Disputes over the origins of and fall out from the new novel coronavirus have supercharged American hawks into pushing for all-out confrontation with China.

Analysis | Asia-Pacific

In recent years, the United States and China have experienced increased conflict and tension and diminished cooperation. This has been a costly for both countries, as it has led to greater risk of conflict and forsaken potential gain. Nonetheless, Washington think tank analysts and American nationalists and ideological extremists inside and outside of government continue to advocate for cold war policies that will accelerate the trend toward greater hostility and belligerence.

The United States and China are engaged in transformative power transition with implications for the balance of power in East Asia, contributing to increased strategic competition. The power transition also contributes to trade tension, as it compels U.S. and Chinese reconsideration of the bilateral terms of trade and investment. But the power transition does not preclude constrained security and economic competition nor cooperation on common on bilateral and global interests.

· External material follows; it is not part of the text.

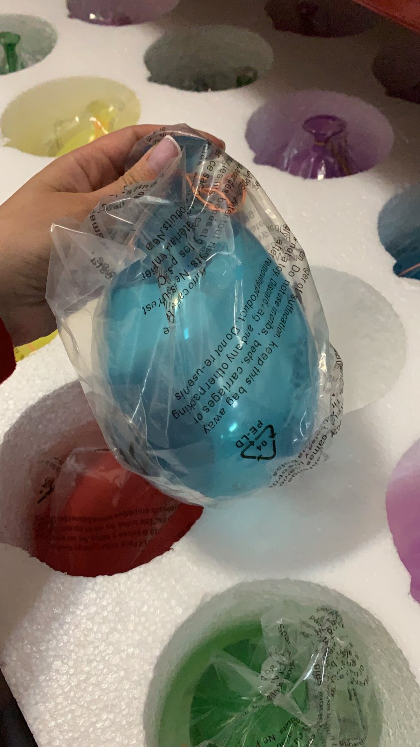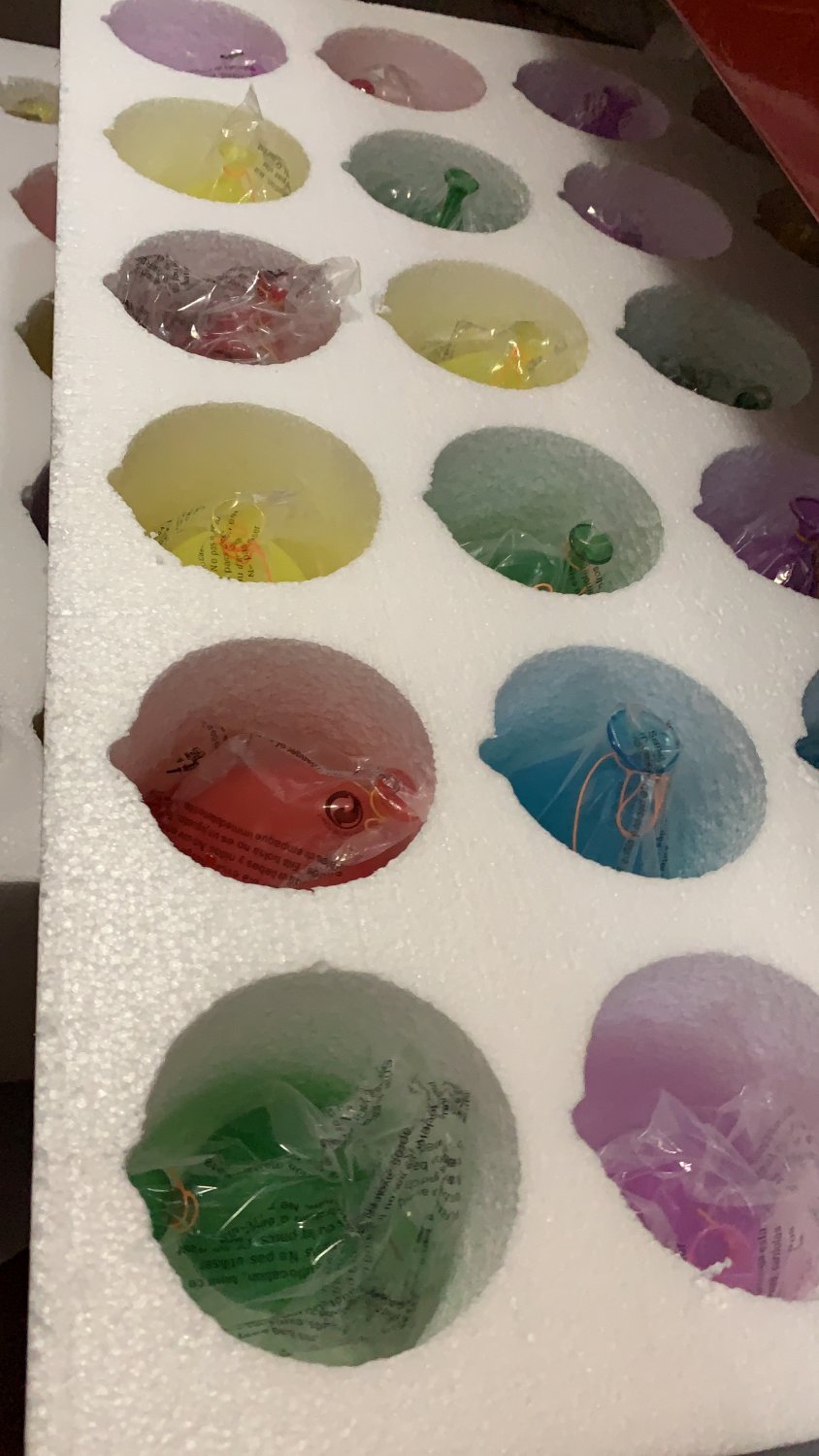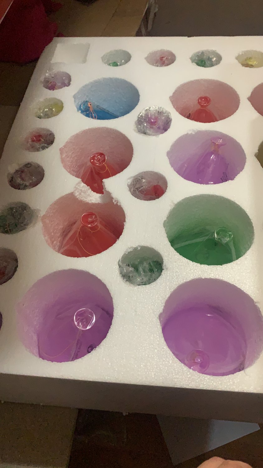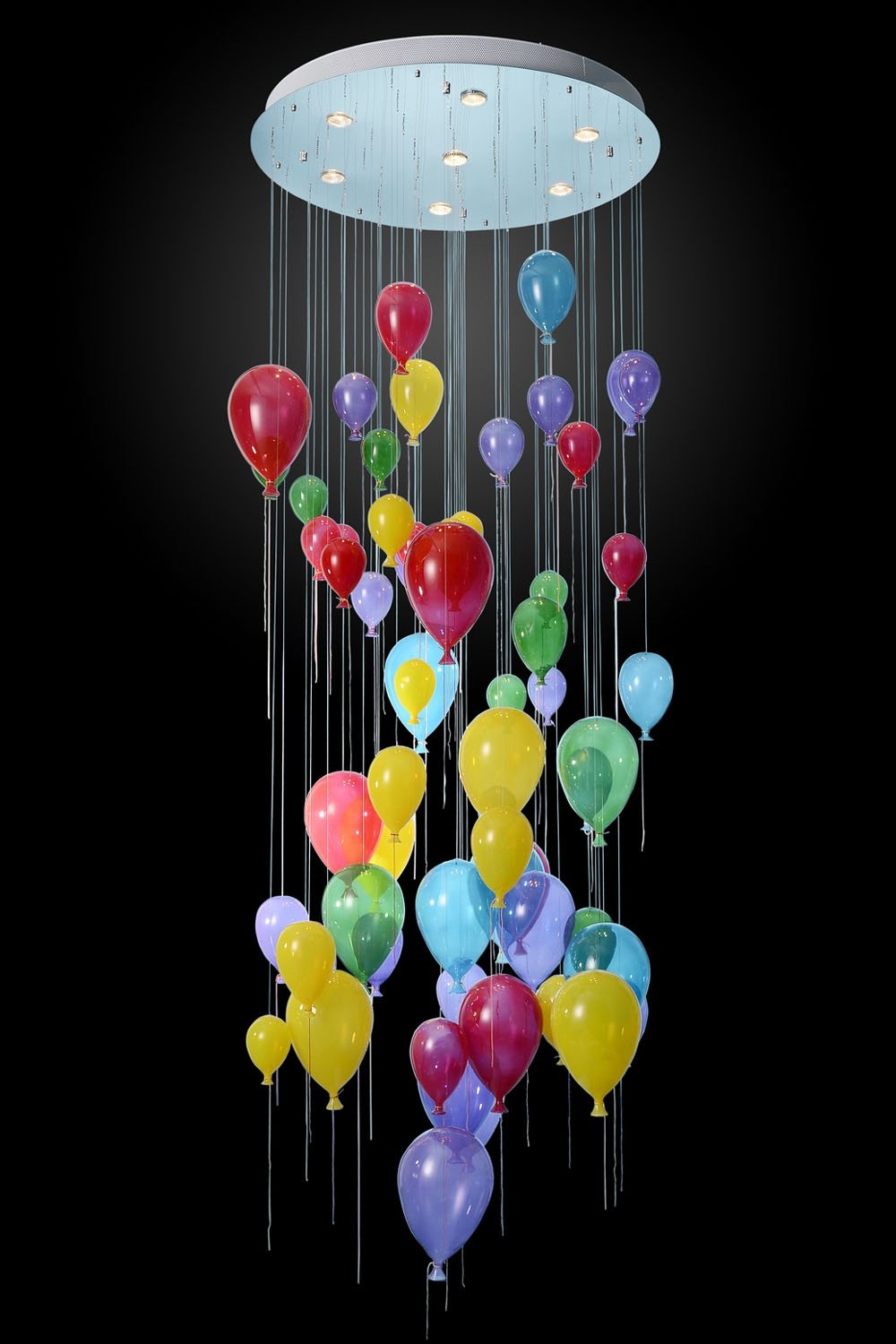 Люстра имеет высоту 2 метра, диаметр 80 см. Все шары стеклянные, крепятся на металличсекие тросы. На люстре 61 крепление под шары, в упаковке 63 шара (2 запасных). Но! если разобьется шарик какой-то, то светильник ничего не потеряет во внешнем виде, потому что шары висят хаотично.

Leadership matters. The trend toward unmitigated conflict is neither inevitable nor irreversible. Pragmatic leadership that focuses on national interests can contribute to constrained conflict and greater cooperation. China shares responsibility for the downturn in relations and it requires leadership that contributes to restrained competition and greater cooperation. But Chinese shortcomings cannot excuse the failures of American foreign policy and the costs to American interests.

Toward U.S. strategic constraint

America’s response to the rise of China has been predictable. It resists China’s challenge to the East Asian balance of power. The Trump administration has increased military spending to contend with the Chinese Navy. The U.S. Navy has undertaken a wide-ranging review of its ship-building priorities, it is designing new weapons systems and communications technologies that take advantage of U.S. advances in high technology, and it has increased its challenge to Chinese maritime claims to signal its resolve to defend its security commitments. The United States is also developing security partnerships on the perimeter of East Asia to constrain and contain Chinese naval activities within East Asia’s seas.

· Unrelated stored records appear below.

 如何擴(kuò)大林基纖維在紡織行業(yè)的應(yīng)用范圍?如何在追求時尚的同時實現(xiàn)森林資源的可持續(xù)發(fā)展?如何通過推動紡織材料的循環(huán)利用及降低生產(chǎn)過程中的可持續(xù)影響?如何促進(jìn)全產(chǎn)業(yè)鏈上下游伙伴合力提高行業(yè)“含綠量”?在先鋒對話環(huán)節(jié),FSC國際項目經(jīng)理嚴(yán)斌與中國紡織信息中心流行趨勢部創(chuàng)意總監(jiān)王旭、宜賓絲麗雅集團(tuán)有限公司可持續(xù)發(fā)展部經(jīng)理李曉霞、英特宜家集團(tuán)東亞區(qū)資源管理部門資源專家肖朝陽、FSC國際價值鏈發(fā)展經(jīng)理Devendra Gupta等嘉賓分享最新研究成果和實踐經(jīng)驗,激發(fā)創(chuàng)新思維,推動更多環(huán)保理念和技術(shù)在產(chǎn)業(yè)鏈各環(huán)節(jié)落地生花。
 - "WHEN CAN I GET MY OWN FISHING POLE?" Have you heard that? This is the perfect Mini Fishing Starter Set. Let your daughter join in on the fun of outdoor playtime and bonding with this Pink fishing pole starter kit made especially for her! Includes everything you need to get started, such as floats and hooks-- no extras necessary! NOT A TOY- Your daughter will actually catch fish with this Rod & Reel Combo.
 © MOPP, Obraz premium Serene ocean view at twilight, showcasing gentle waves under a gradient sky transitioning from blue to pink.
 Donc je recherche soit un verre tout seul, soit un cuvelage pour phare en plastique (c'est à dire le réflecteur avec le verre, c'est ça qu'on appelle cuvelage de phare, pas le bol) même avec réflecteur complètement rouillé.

Chinese policy has been just as predictable. China never accepted the legitimacy of U.S. maritime hegemony in its coastal waters or American air and naval power projection capabilities deployed on China’s perimeter, including in South Korea, Japan, and the Philippines. Over the last decade it has funded the expansion and modernization of its navy, so that it is both modern and larger than the U.S. fleet. And it has carried out unwavering maritime actions to coerce the region’s secondary powers to constrain security cooperation with the United States.

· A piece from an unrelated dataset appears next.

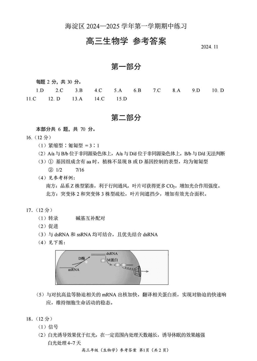 北京海淀区2024-2025学年高三上学期期中生物考试已于近日开考,为方便考生考后及时查看考试情况,查漏补缺、弥补不足,本文整理了试题答案解析相关信息!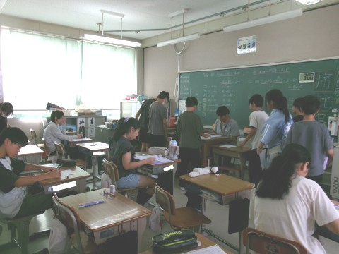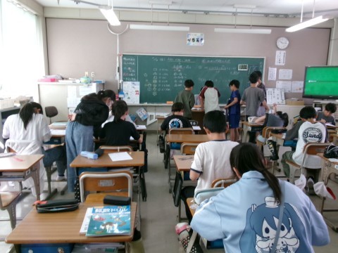 「まとめの問題をしよう」というめあてで復習問題に取り組んでいました。算数ドリルなどの指定されたページに取り組み,終わったら先生に確認してもらっています。

U.S.-China competition has increased, but the course of the competition will be determined by national leaders, including U.S. leaders. Constrained competition requires U.S. adjustment to the power transition and acknowledgement of Chinese interests in a revised regional security order commensurate with its improved capabilities. U.S. insistence on maintaining the post-World War II status quo will lead to greater Chinese belligerence as China insists on a security order commensurate with the changing balance of power. Singapore Prime Minister Lee Hsien-Loong expressed it well at the 2019 IISS Shangri-La Dialogue:

"[I]t is well worth the U.S. forging a new understanding that will integrate China’s aspirations within the current system. … China will expect a say in this process, because it sees the present rules as having been created in the past without its participation. This is an entirely reasonable expectation…. The world…has to adjust to a larger role for China."

U.S. hegemony in maritime East Asia had provided the United States near absolute regional security. Nonetheless, acknowledgement of bipolarity does not require the United States to cede East Asia to Chinese hegemony — U.S.-China competition will persist. But it will reduce the risks of competition and constrain unchecked Chinese power and strategic ambitions.

The United States must continue to modernize its military capabilities and maintain extensive cooperation with its security partners, but the navy’s high-profile challenges to China’s maritime claims, including its frequent freedom of navigation operations, do not reassure U.S. security partners in East Asia, but they elicit Chinese belligerence that exacerbates U.S.-China tension.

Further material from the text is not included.